Норман Льюис – Бегство от мрачного экватора. Голоса старого моря (страница 55)
Собакам перепадали кое-какие отбросы, в поисках которых они рыскали по деревне; изредка устраивали каннибальские пиршества — пожирали своего сородича, околевшего от болезни или несчастного случая.
В отличие от жителей Сорта, где каждый был сам по себе, фарольцы, привыкшие к артельному рыбацкому труду, действовали сообща. В обеих деревнях, чтобы как-то сводить концы с концами, хозяйки разводили цыплят. В Сорте их на ночь загоняли в клетки, а клетки подвешивали на деревья, чтобы собаки или лиса, наведывавшаяся в деревню, не могли их достать.
В Фароле, где особой нужды в таких предосторожностях не было, устроили общий загон — им пользовались главным образом старые и немощные, — и через неделю после моего приезда свора голодных псов из Сорта умудрилась туда залезть и перетаскать много кур.

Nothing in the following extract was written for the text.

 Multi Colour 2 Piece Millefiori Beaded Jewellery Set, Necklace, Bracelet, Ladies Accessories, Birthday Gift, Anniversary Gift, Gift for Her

Это был крупный убыток, а возмещать его не собирались. В кабачке у алькальда перехватили крестьянина, который привез в Фароль тележку овощей для обмена на рыбу. Его спросили, что они там у себя собираются делать? «Почем вы знаете, что это были наши собаки? — ответил тот. — Поди отличи одну собаку от другой».
Рыбаки, которым разрешались неофициальные собрания, тут же устроили сход, после которого крестьянину было предложено убираться со своими овощами.

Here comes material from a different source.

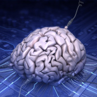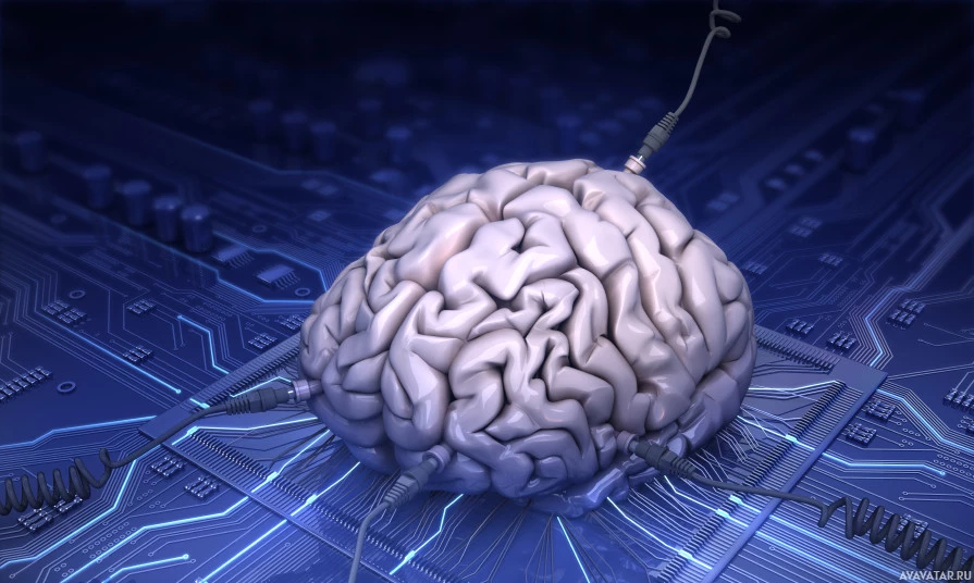 a human brain, which is the central part of the nervous system responsible for thinking, memory, and emotions. It's situated on top of an electronic circuit board or microchip, suggesting a theme of

На втором сходе обсуждались ответные меры. Сошлись на том, что, раз сортовские не желают сократить свою свору, то рыбаки сами позаботятся, чтобы песьего отродья стало поменьше. Но как? Немыслимое дело, чтобы кто-то взял топор или дубину и уложил собаку на месте; крысиный яд тоже как-то был не в обычае. Наконец решили набрать морских губок и прожарить их в оливковом масле — против такого аромата ни один пес не устоит. Через несколько дней, когда обожравшиеся цыплятами звери пришли в себя, для них по околице разбросали губок. Средство, испытанное временем, сработало и на этот раз. Собаки слопали приманку, и сушеные губки стали впитывать желудочные соки и разбухать, пока не разорвали все внутренности.
Одну собаку, не поспевшую на роковой пир, поймали и, по обычаю, кастрировали в знак того, что рыбаки презирают своих врагов и бросают им вызов. Затем ее пустили восвояси, повязав на шею черную ленту.
Черная лепта означала трусость.
После этого сортовские взяли собак под присмотр, стали привязывать к тяжелым чурбакам, которые тем приходилось волочить за собой. С тех пор отношения между Сортом и Фаролем — и раньше-то они поддерживались на уровне вооруженного нейтралитета — совсем ухудшились, и обе общины страдали от потерн местного рынка сбыта своей продукции.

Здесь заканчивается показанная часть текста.